We need to find a way to efficiently parallelize matrix multiplication. This is one of the most important and frequently used computations for the RNN. Since RNN have sequential dependency, we cannot parallel among different timesteps. Also, the Backpropagation through Time makes it more complicated to compute. For the backpropagation algorithm, it could happen that multiple threads try to update the same weight at a given time. Therefore, we need to ensure the correctness of this algorithm but also try to maintain the speedup of parallel computation. Since the amount of data is large, we need to identify the temporal and spatial locality to better optimize our implementation. Because sequences such as sentences have words and words can be represented as vectors, it will actually be a two dimensional matrix. If we plan to use batch gradient descent algorithm, there is one more dimension for the batch size, which makes it a three dimension tensor. This will make the code more complicated and harder to optimize.


We will need computers with GPUs to run our experiment. For this we will use the same hardware that we used in Assignment 2 (GHC Machines with NVIDIA GeForce GTX 1080 GPUs). We will rely on the papers mentioned in the reference to help us optimize and complete our implementation.


Plan to Achieve

We will create a parallel Encoder-Decoder RNN that can handle basic machine translation or similar sequential processing tasks. Our RNN will show marked improvement from a sequential implementation. Our implementation will be optimized from a variety of methods and we will assure the correctness of it by testing our model on a practical dataset.

Hope to Achieve

We frankly do not know the difficulty of some of the things we plan to accomplish. One of the things we believe will be hard is adding in the ‘attention’ step to our Encoder-Decoder RNN. The attention step allows the model to give attention to specific inputs that it thinks are relevant for a given output.

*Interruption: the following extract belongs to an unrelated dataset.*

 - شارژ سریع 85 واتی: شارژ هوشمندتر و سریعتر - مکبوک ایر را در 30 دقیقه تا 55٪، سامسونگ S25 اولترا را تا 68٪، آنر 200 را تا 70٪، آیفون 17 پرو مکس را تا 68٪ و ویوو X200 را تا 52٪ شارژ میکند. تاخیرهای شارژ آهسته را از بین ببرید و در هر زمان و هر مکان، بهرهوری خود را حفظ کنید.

The attention step would likely increase the quality of our model, but whether or not it is feasible to get much parallelization is unknown to us at this time (we will update this proposal once we learn more information)

Another challenge is to implement multi-layer RNN on top of the basic encoder-decoder network. There is potential parallelization among layers, but it would also makes the model more difficult to implement.

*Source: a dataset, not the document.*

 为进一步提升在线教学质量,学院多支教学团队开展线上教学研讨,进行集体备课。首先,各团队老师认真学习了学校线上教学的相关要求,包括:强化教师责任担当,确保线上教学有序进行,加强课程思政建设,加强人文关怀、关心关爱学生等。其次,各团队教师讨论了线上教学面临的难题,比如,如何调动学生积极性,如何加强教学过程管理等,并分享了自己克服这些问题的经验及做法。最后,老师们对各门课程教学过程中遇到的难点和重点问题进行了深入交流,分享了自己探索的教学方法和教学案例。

In order to efficiently parallelize our Encoder-Decoder RNN, we need to have access to a very large number of threads. As a result, we have decided to utilize CUDA C++ because of the sheer number of threads it gives us access to.


Gers, Felix A., Jürgen Schmidhuber, and Fred Cummins. “Learning to forget: Continual prediction with LSTM.” (1999): 850-855.

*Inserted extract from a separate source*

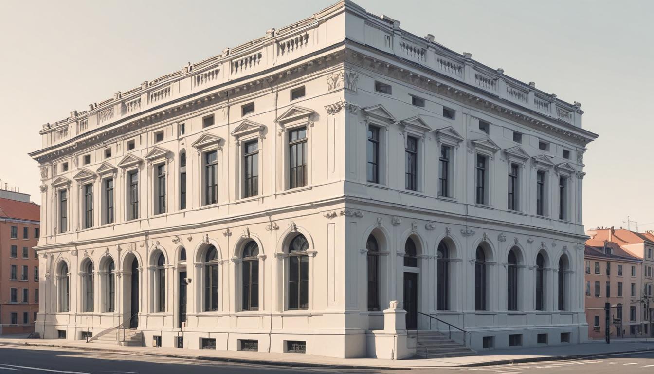 A grand historic building showcases detailed classical architecture in a vibrant city, blending history with modern life.

Bahdanau, Dzmitry, Kyunghyun Cho, and Yoshua Bengio. “Neural machine translation by jointly learning to align and translate.” arXiv preprint arXiv:1409.0473 (2014).

Sutskever I, Vinyals O, Le Q V. Sequence to sequence learning with neural networks//Advances in neural information processing systems. 2014: 3104-3112.

Appleyard, Jeremy, Tomas Kocisky, and Phil Blunsom. “Optimizing performance of recurrent neural networks on GPUs.” arXiv preprint arXiv:1604.01946 (2016).


By Goal Status
November 10th Finish proposal, start writing Cuda code for a feed forward network Completed
November 17th Continue writing and testing initial implementation Completed
November 19th Project Milestone Completed
November 24th Continue writing and testing initial implementation In-progress
November 28th Finish initial code  
December 1st Start writing code for an RNN  
December 5th Finish writing RNN code  
December 8th Write the Encoder-Decoder RNN and test  
December 12th Attempt our additional goals  
December 15th Complete final version of code